Both outsourcing and finetuning pose a security risk [29]. Gu et al. [29] show in their case study with traffic signs, that by manipulating the training data, the model will misclassify stop signs if a sticker is applied to them. Liu et al. [30]

introduce a technique that can be applied to an already trained model to introduce malicious behaviour. Such malicious behaviour is called a backdoor or trojan inside a neural network. The backdoor is triggered by specific input patterns while keeping model performance on the original task more or less the same. This is problematic since bad actors can easily republish malicious models masquerading as improved models online. Because of the blackbox nature of deep learning models, such trojans are difficult to detect

[31, 32]. Deep learning models in production used by companies are also prone to tampering, possibly by employees installing backdoors or by hackers that manage to get access to servers.

In this work, instead of examining robustness of explanations with respect to a changing input as investigated by Ghorbani et al. [22], we investigate the robustness of explanations when the model is modified by an adversary such as the scenario considered by Liu et al. [30] and Wang et al. [31]. Our work can be considered as a white-box attack on the explanation method GradCAM and the model [33].

(a) Input image
(b) Explanation of original CNN
(c) Expl. T1
(d) Expl. T2
(e) Expl. T3
(f) Expl. T4
Figure 1: Qualitative example of manipulated explanations for manipulated networks T1-T4. Blue means a pixel had a large influence on the decision. (c,d) The networks T1 and T2 generate always the same explanation, irrespective of the input to the network. (e) T3 generates a semi-random explanation based on the input. (f) T4 only generates a malicious explanation if a specific pattern (in this case, a smiley) is visible in the input. The area in the square for is enlarged for clarity.

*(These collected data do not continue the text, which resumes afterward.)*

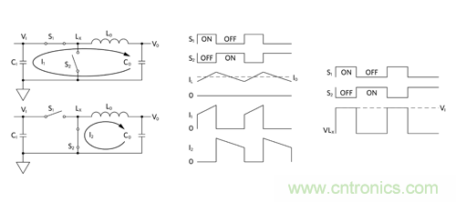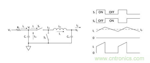 圖 5:Buck 調(diào)節(jié)器原理簡(jiǎn)圖及其工作波形傳導(dǎo) EMI。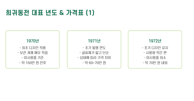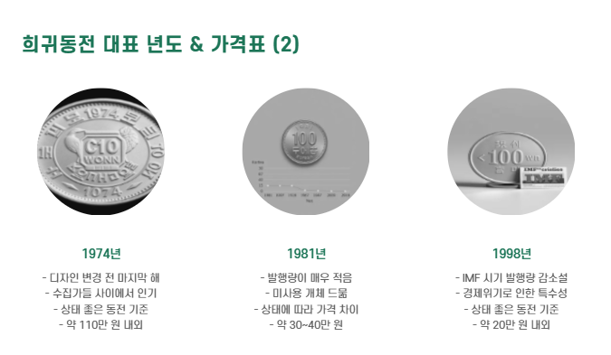 - 특히 1970, 1971, 1972, 1974년, 그리고 발행량 적은 1981년, 1998년이 희귀합니다.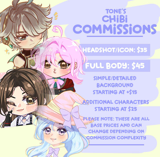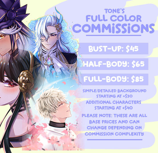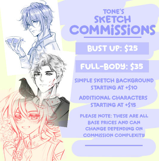 • Commissions are for PERSONAL USE only. IF you have commercial use intentions, please let me know as there will be a commercial license fee added to the overall total.• Please provide as many references as you can! If you only have a text description, please be as detailed as possible.• I have the right to refuse any potential commission for any reason.• WIPS/progress checks can be given with request.• Specific deadlines should be mentioned in the inquiry.• Payment is required to be paid in full before the start of the sketch. However, I do allow for partial 2 payments for larger commission requests.• Once the work is started and payment is done, no refund is available.• I do not draw furry, mecha, explicit nsfw. I can do some mild nsfw but must be discussed prior.• Paying means you have agreed to these Terms and Conditions.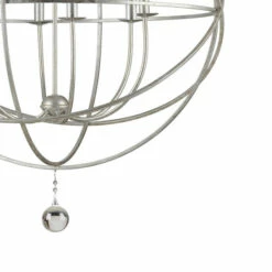 This 6-light chandelier features an olde silver finish that will complement many industrial and transitional decors. The atom shaped steel frame and the hanging clear glass accent adds interest and completes the look of this unique design.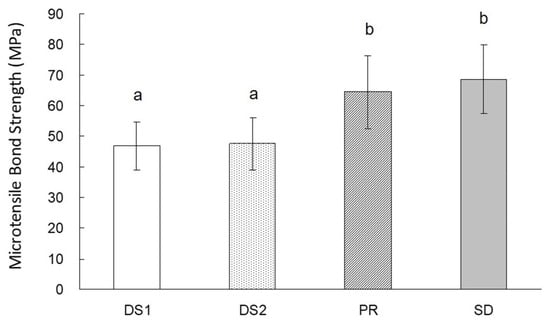 The results of the microtensile bond strength test are shown in Figure 2. The bonding values of PR and SD were significantly higher than those of DS1 and DS2 (p < 0.05) (DS1: 46.9 ± 7.9; DS2: 47.5 ± 8.4; PR: 64.6 ± 11.9; SD: 68.7 ± 11.1 MPa). The bond strength values of DS1 and DS2 were similar, and those of PR and SD were similar.

Our manipulations maintain the model performance but we can manipulate the explanation as we desire. An overview of our proposed techniques T1-T4 are shown in Figure 1. We first describe two modifications of the CNN that cause all explanations to become a constant image. Arguably, this manipulation is easy to detect by inspecting the explanations, which is not as easy for the two more techniques that we propose. In one of our techniques the explanation is semi-random and depends on the input. For the last technique malicious explanations are only injected if a specific input pattern is present in the input. These last two techniques are much more difficult to detect using visual inspection of explanations and therefore pose a more serious security concern.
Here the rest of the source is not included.